解决方案我不明白你的第二个正则表达式,但是这个更基本的正则表达式似乎是诀窍:
df1%>%filter(!grepl(^ x | xx $,fruit)) ### 水果组 1苹果A 2橙色B 3 banxana A 4 appxxle B我认为你知道这一点,但是你根本就不必使用 dplyr
df1 [!grepl(^ x | xx $,df1 $ fruit),] ### fruit group 1苹果A 2橙色B 7 banxana A 8 appxxle B正则表达式正在寻找以 x 开始的字符串,或以 xx 结尾。 ^ 和 $ 分别是字符串的开头和结尾的正则表达式锚点。 | 是OR运算符。我们正在使用!取消 grepl 的结果,所以我们发现与内部不符的字符串正则表达式。

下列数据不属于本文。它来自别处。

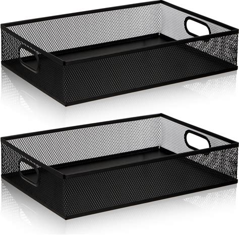 Elsjoy 2 Pack Desk Drawer Organizer Tray, Metal Mesh Desktop Storage Tray Office File Organizer With Handle, Portable Large Storage Basket For Office
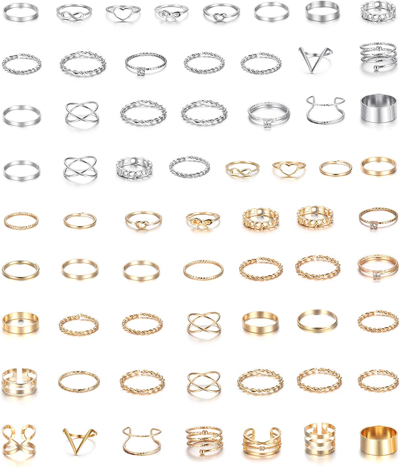 • AFFORDABLE KNUCKLE RING--You can get 65 vintage stackable rings of different styles in one order, to meet your different daily needs,We have bow ring, rhinestone ring, infinite symbol ring, hollow ring, open ring, tear drop ring, twist ring, geometric pattern ring, irregular symbol ring and so on,a variety of fashion styles for you to choose.
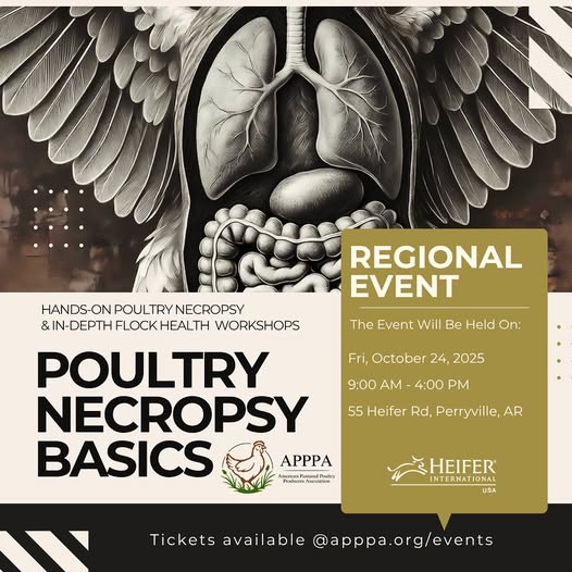 If you’ve been raising chickens long enough, eventually one will perish unexpectedly and you’re often left wondering, “Why?” When done properly, necropsy can be a powerful post mortem tool to understanding flock health. Join the APPPA team at Heifer Ranch for the final 2025 Regional Event and learn how to confidently perform “avian autopsy” during our hands-on small group demonstrations. We’ll also have an extended farm tour of their working Savory Hub, see autonomous RovaBarns in action, and have a farm fresh lunch. Bonus: Stay on the ranch with their convenient on farm lodging options, too! (fb)
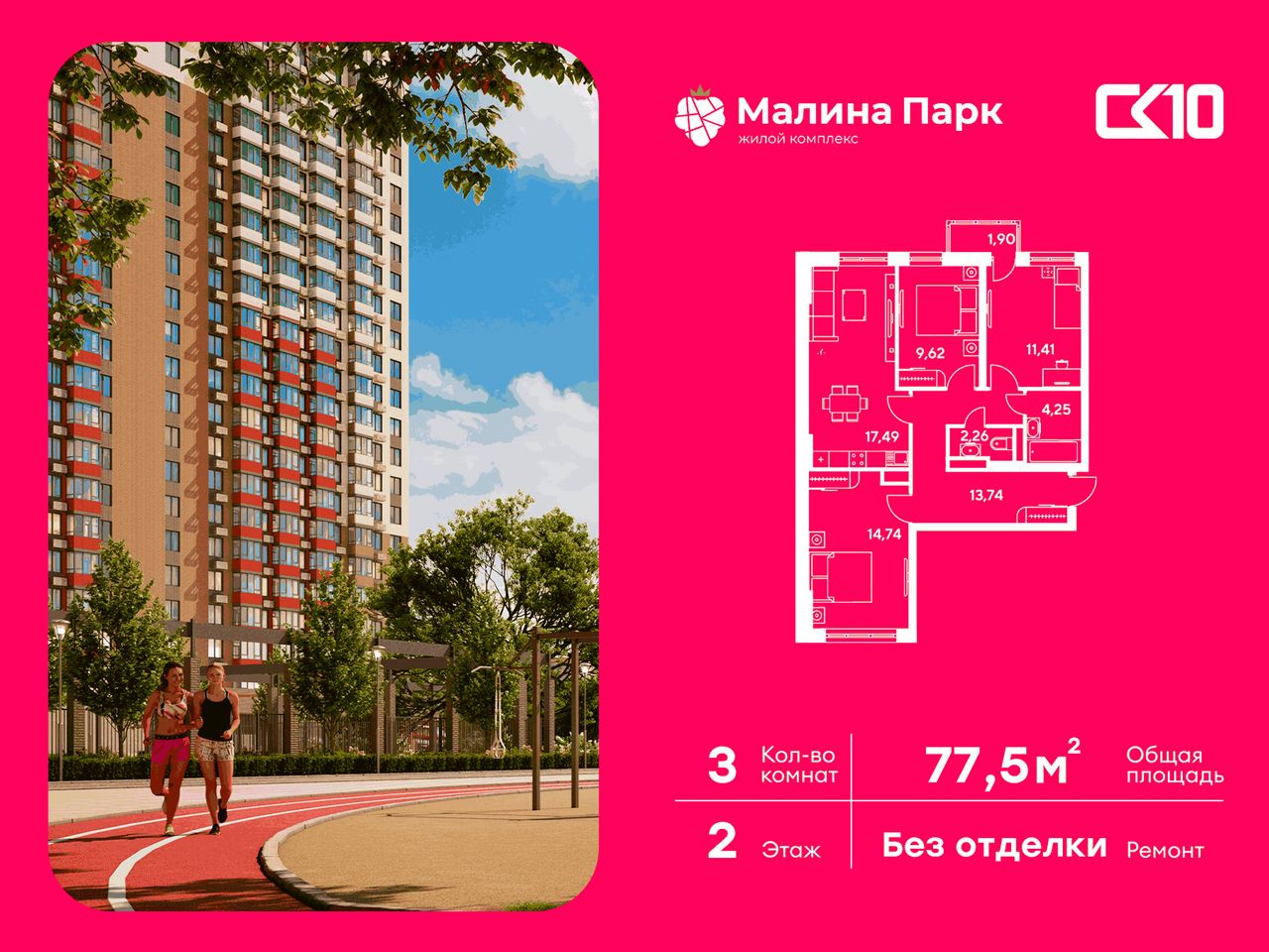 3-комнатная — 77,5 м² 2/25 эт. в Малина Парк

I am trying to work out how to filter some observations from a large dataset using dplyr and grepl . I am not wedded to grepl, if other solutions would be more optimal.
Take this sample df:
df1 <- data.frame(fruit=c("apple", "orange", "xapple", "xorange", "applexx", "orangexx", "banxana", "appxxle"), group=c("A", "B") ) df1 # fruit group #1 apple A #2 orange B #3 xapple A #4 xorange B #5 applexx A #6 orangexx B #7 banxana A #8 appxxle BI want to:
I have managed to work out how to get rid of everything that contains 'x' or 'xx', but not beginning with or ending with. Here is how to get rid of everything with 'xx' inside (not just ending with):
df1 %>% filter(!grepl("xx",fruit)) # fruit group #1 apple A #2 orange B #3 xapple A #4 xorange B #5 banxana AThis obviously 'erroneously' (from my point of view) filtered 'appxxle'.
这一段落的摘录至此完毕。